Friday, 3 August 2007

Going to town

I started the day, as I generally do, with poetry and tea. I tend to read until a poem tempts me to read it out loud, or makes me read it again and again. Once fortified by a good one I can get out of bed. There is no better way to wake up. At the moment I am besotted by Mary Oliver, and this morning found her poem 'Going to Walden', which is actually about not going to Walden, Henry Thoreau's retreat, because what the place signifies is 'the slow and difficult trick of living, and finding it where you are'.

This afternoon I went to town. An eighty mile round trip and all afternoon to buy one ball of green wool and a stripey jumper from the charity shop, which I will unravel for my latest creative project (code-name 'Dreamcoat'). Before the bus home I had time to squeeze in a quick visit to the outlying branch of the Scottish Poetry Library. No Mary Oliver, but Wang Wei and Sorley Maclean will keep me going for the next few mornings.

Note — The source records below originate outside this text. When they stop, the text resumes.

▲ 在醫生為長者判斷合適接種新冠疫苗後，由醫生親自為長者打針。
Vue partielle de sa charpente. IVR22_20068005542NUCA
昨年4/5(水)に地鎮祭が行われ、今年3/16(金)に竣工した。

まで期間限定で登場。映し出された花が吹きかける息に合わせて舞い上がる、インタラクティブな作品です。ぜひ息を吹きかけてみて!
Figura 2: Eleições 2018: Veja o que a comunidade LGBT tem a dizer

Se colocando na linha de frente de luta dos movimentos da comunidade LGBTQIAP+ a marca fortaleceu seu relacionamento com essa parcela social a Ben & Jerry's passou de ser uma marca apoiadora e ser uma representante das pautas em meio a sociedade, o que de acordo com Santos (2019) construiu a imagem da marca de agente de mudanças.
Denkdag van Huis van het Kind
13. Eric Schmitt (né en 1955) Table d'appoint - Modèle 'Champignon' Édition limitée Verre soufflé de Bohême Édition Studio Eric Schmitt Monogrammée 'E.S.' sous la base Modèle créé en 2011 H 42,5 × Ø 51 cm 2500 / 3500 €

Back in my own Walden, armed with wool and words, I am determined not to go anywhere for at least a week. I'll cook home-grown beans for supper tonight and fall asleep to the sounds of the loch and the rain. Thoreau was right. Mary Oliver even more so.

Thursday, 2 August 2007

Blue flowers and midgies

The devil's bit scabious is out, and so is the knapweed. The paths are full of red clover, self-heal and thyme. The croft is awash with purple pompoms.

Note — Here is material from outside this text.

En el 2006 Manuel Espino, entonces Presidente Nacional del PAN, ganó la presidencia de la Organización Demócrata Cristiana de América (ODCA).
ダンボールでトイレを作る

It should also be, if things were normal, awash with midgies. Our standard pattern of behaviour in summer is to cook in the caravan in the woods, steam it up and and attract all the midgies there, and then after dinner make a run for it down to the caravan at the shore, which is cool and midge free. But this year there is no need. There aren't enough midgies to justify the shift. I don't understand why this is not headline news.

Wednesday, 1 August 2007

Goodbye terns, hello wind

The first of August and it feels like autumn has come already. The terns are up and away, winging from here in northwest Scotland all the way to the Antarctic. Every year their departure seems a profound signal of the change of season. After squealing and wheeling around the skerries since April, they leave a sudden hush on the loch. It makes space for other, quieter birds to pass through: black-throated divers, herons, curlews and sandpipers all fill the void. But nothing can really replace the wild white cluster of terns, tossed up from the island like crumbs shaken from a tea cloth, swirling and shoaling, then sprinting up to the dogleg at the mouth of the loch, cornering en masse like cyclists on a race-track and dashing the straight back to the skerry.

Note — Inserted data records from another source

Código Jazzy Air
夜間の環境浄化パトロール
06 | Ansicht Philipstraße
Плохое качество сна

As if to mark the terns' leaving, a strong westerly wind has got up. It has been a summer of calms, light northerly breezes and dry easterlies. While the rest of the UK was engulfed in flooding, up here it has been unnaturally arid, so much so the wee stream on the croft, known inappropriately as 'the river', dried up. I have been hauling watering cans to my garden. This is not normal. Now it seems to be getting back to something more familiar: wet bracken and a fresh breeze from the west. It makes me smile. I love the soft ions the wind brings in from the sea and it's the croft's main source of power. I sit here in the studio, and I can hear the generator shush-shush-shushing as it blurs, spinning electricity into the battery bank. A miracle. But not so much of a miracle as the terns, finding their way from here to Antarctica and back every year. That's magic.